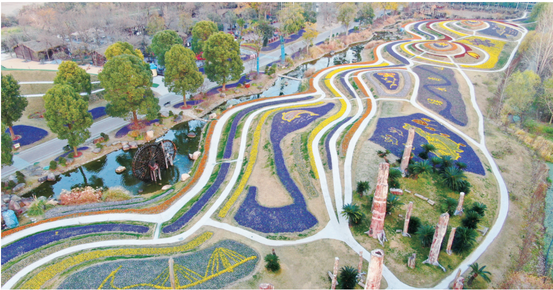
昨日拍摄的南通洲际绿博园美丽景色。重新布置的越冬花海亮相，新增了由数十万株各色小花组成的“通辽达海”“绿水青山”等景观。

本报讯（记者龚秋瑾）今年1月至11月，海门区交通事故网上数据一体化处理中心（简称“中心”）新收交通事故责任纠纷1181件，调解成功501件，调解成功率42.42%，中心成立至今调解理赔总金额累计2.3亿元。2日，在第十个“全国交通安全日”到来之际，海门法院通报了该院交通事故责任纠纷审判工作相关情况。 今年，海门法院在交通事故责任纠纷审判中创新优化举措，进一步将道路交通事故集中调解、审判工作做细做实。组建专业化团队，对纠纷进行“精调、快审”，设置工作邮箱，便于当事人24小时全天候提交案件材料，建立“一案一微信群”，保证纠纷调处“不打烊”，调解效率获得极大提高。
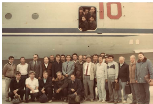
После рекордного полета самолета-амфибии А-40. 1989 г.

Он одним из первых понял, что необходимо предпринять для выживания в новых условиях, когда практически исчез госзаказ, а стартового капитала у фирмы, как и у большинства опытных предприятий, не было. Новый руководитель, сохраняя направление на окончание работ и запуск в серию А-40 и продолжение деятельности по опытному самолету-госпиталю Бе-42, предложил активно заняться конверсионными самолетами-амфибиями Бе-200 и Бе-103, а также переоборудованным под двигатели Pratt-Уитни пассажирским Бе-32К.
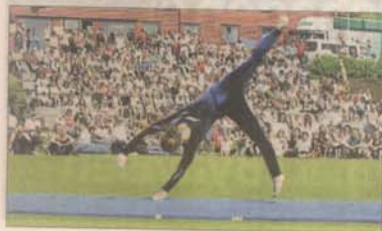
FULLT PÅ TRIBUNEN: En rekke stolte foreldre og slektninger hadde tatt turen til Lilandsbanen.
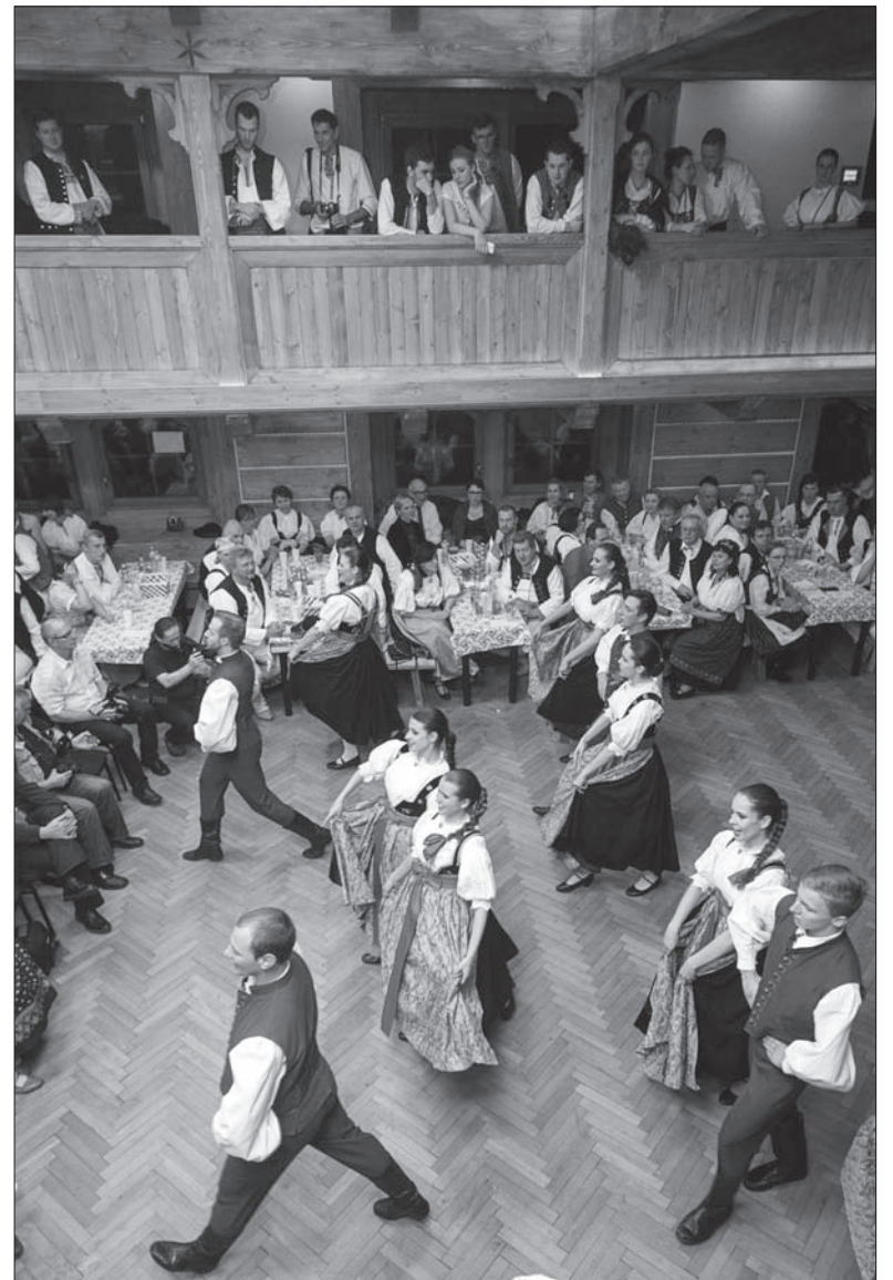
Zespół „Olza” pokazał, co potrafi.
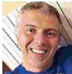
ATTORE Guido Marangoni

che mai avremmo pensato possibili, nascoste nel cuore. Leggendo il suo nuovo libro, si coglie il senso di un ponte tra storie che rendono più lieve la vita e tra cui è possibile una sola comunicazione, l'abbraccio. In questa serata estiva, davanti alla meraviglia della natura, tutti insieme faremo incontri che dureranno, quando lo spettacolo sarà finito. E tutti porteremo con noi un sorriso».
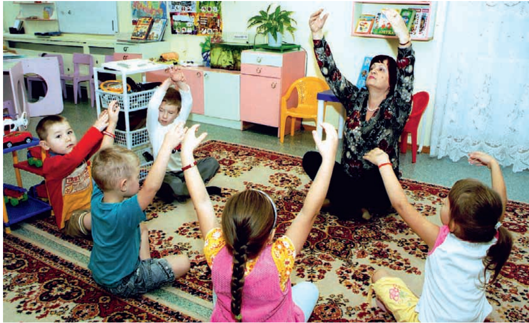
Упражнения на дыхание

Наша речь осуществляется благодаря работе органов, принимающих участие в речевом акте. Чтобы научить ребенка владеть голосом, надо, прежде всего, научить его правильно дышать. И та и другая функции выполняются одними и теми же органами. Без правильного дыхания невозможна хорошо звучащая речь.
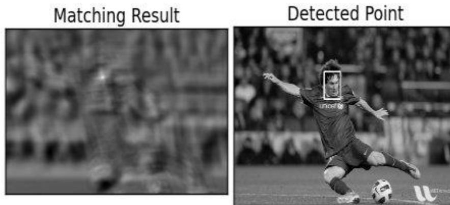
Slika 2: Rezultati pronalaska predložka u slici
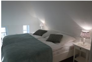
Das Doppelschlafzimmer (Bettmaaß 180x200cm) im Obergeschoß...
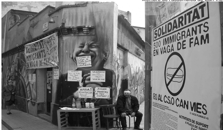
Façana del CSA Can Vies
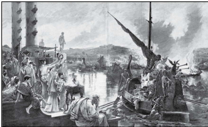
Sjöfäktning i en romersk cirkus. Af R. de Villodas.
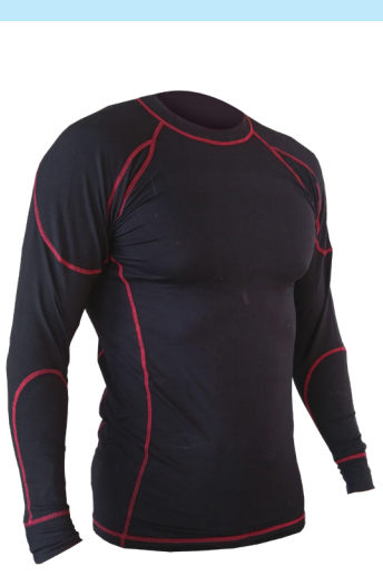
Camiseta mangas largas Ref. SAHO
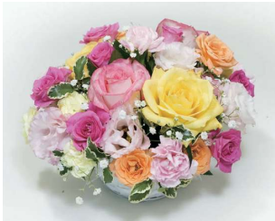
アレンジメント〈色ミックス系〉
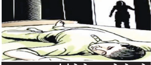
આડાઅવળા સંબંધોનો આવતો હોય છે કડ્ડણ અંજામ: લાલબત્તી સમાન ઘટના

રાજકોટ, તા. ૨૨ આડાઅવળા સંબંધોનો અંજામ મોટે ભાગે કડ્ડણ આવતો હોય છે. આવી જ એક ઘટના રાજકોટ જિલ્લાના શાપર વેરાળમાં બની છે. અહિં રહી ફાયનાન્સ કંપનીમાં નોકરી કરતાં મુળ ગોંડલ પંથકના ચોવીસ વર્ષના યુવાને ગળાફાંસો ખાઈ લીધાની ઘટનામાં ચોંધાવનારી વિગતો ખુલી છે. આ યુવાનને તેની જ સાથે નોકરી કરતાં યુવાનની પત્નિ સાથે અફેર થઈ જતાં અને બંનેને પતિ, દિયરે પકડી લેતાં અને ધમકી આપતાં તે મરી જવા મજબૂર થયાની એકાઉન્ટઆર દાખલ કરાવાઈ છે. શાપર પોલીસે આ બનાવમાં વિશેષ કાર્યવાહી હાથ ધરી છે.

.....

EXERCISE:
Only the lines from the one that holds "Façana del CSA Can Vies" through the final line of the material should be reproduced, word for word, with the pictures omitted.

EXPECTED OUTPUT:
Façana del CSA Can Vies
Sjöfäktning i en romersk cirkus. Af R. de Villodas.
Camiseta mangas largas Ref. SAHO
アレンジメント〈色ミックス系〉
આડાઅવળા સંબંધોનો આવતો હોય છે કડ્ડણ અંજામ: લાલબત્તી સમાન ઘટના

રાજકોટ, તા. ૨૨ આડાઅવળા સંબંધોનો અંજામ મોટે ભાગે કડ્ડણ આવતો હોય છે. આવી જ એક ઘટના રાજકોટ જિલ્લાના શાપર વેરાળમાં બની છે. અહિં રહી ફાયનાન્સ કંપનીમાં નોકરી કરતાં મુળ ગોંડલ પંથકના ચોવીસ વર્ષના યુવાને ગળાફાંસો ખાઈ લીધાની ઘટનામાં ચોંધાવનારી વિગતો ખુલી છે. આ યુવાનને તેની જ સાથે નોકરી કરતાં યુવાનની પત્નિ સાથે અફેર થઈ જતાં અને બંનેને પતિ, દિયરે પકડી લેતાં અને ધમકી આપતાં તે મરી જવા મજબૂર થયાની એકાઉન્ટઆર દાખલ કરાવાઈ છે. શાપર પોલીસે આ બનાવમાં વિશેષ કાર્યવાહી હાથ ધરી છે.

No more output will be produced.